> _Task directions_
Collect the lines of the entries where "with" shows up.

> _Given records_

----------------------------------------

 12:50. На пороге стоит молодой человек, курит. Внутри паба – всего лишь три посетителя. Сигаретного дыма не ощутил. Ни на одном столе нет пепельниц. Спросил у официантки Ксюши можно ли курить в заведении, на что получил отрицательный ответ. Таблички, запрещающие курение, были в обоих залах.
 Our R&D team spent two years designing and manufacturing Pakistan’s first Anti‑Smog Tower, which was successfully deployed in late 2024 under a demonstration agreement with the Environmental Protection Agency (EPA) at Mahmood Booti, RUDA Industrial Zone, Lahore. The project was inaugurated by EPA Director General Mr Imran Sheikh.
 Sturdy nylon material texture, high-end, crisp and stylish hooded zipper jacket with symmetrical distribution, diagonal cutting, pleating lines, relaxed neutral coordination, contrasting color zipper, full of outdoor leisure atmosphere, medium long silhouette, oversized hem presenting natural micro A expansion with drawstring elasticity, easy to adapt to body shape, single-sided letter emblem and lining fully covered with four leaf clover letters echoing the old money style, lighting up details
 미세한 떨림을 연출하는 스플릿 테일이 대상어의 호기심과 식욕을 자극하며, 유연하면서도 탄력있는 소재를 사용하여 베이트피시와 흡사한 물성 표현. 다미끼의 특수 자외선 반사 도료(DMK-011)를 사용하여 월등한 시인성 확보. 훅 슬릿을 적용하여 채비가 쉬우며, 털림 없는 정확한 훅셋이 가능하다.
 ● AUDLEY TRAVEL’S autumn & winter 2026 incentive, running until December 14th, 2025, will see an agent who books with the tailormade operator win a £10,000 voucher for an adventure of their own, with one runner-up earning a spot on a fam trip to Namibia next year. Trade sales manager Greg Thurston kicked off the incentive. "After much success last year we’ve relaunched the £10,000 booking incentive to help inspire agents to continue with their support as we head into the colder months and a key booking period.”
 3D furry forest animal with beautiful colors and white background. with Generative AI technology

----------------------------------------

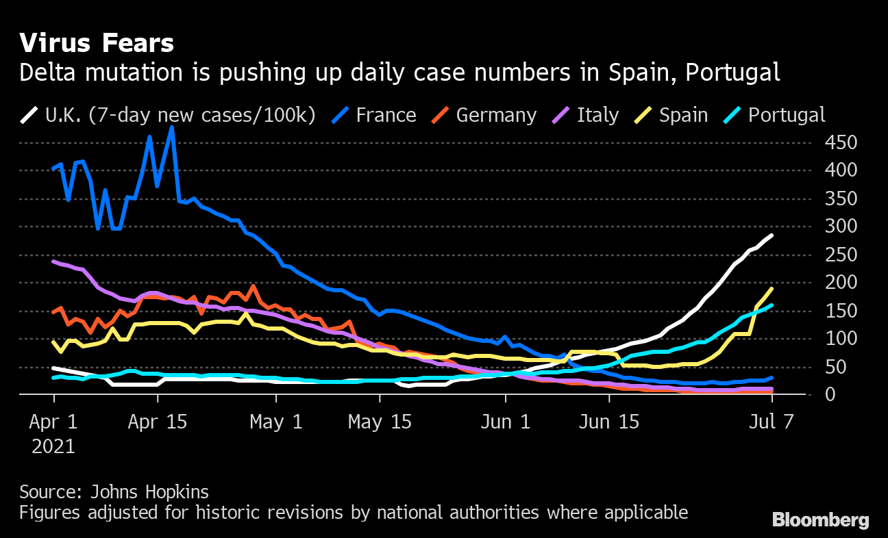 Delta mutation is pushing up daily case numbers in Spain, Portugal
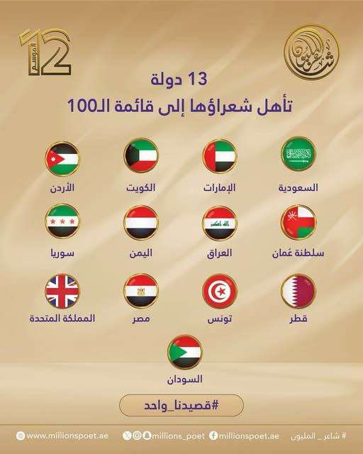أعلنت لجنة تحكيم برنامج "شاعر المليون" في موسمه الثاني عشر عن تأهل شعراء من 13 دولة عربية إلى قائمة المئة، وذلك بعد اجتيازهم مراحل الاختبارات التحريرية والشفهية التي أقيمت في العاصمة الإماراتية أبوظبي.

----------------------------------------

> _Solution to this task_
 Our R&D team spent two years designing and manufacturing Pakistan’s first Anti‑Smog Tower, which was successfully deployed in late 2024 under a demonstration agreement with the Environmental Protection Agency (EPA) at Mahmood Booti, RUDA Industrial Zone, Lahore. The project was inaugurated by EPA Director General Mr Imran Sheikh.
 Sturdy nylon material texture, high-end, crisp and stylish hooded zipper jacket with symmetrical distribution, diagonal cutting, pleating lines, relaxed neutral coordination, contrasting color zipper, full of outdoor leisure atmosphere, medium long silhouette, oversized hem presenting natural micro A expansion with drawstring elasticity, easy to adapt to body shape, single-sided letter emblem and lining fully covered with four leaf clover letters echoing the old money style, lighting up details
 ● AUDLEY TRAVEL’S autumn & winter 2026 incentive, running until December 14th, 2025, will see an agent who books with the tailormade operator win a £10,000 voucher for an adventure of their own, with one runner-up earning a spot on a fam trip to Namibia next year. Trade sales manager Greg Thurston kicked off the incentive. "After much success last year we’ve relaunched the £10,000 booking incentive to help inspire agents to continue with their support as we head into the colder months and a key booking period.”
 3D furry forest animal with beautiful colors and white background. with Generative AI technology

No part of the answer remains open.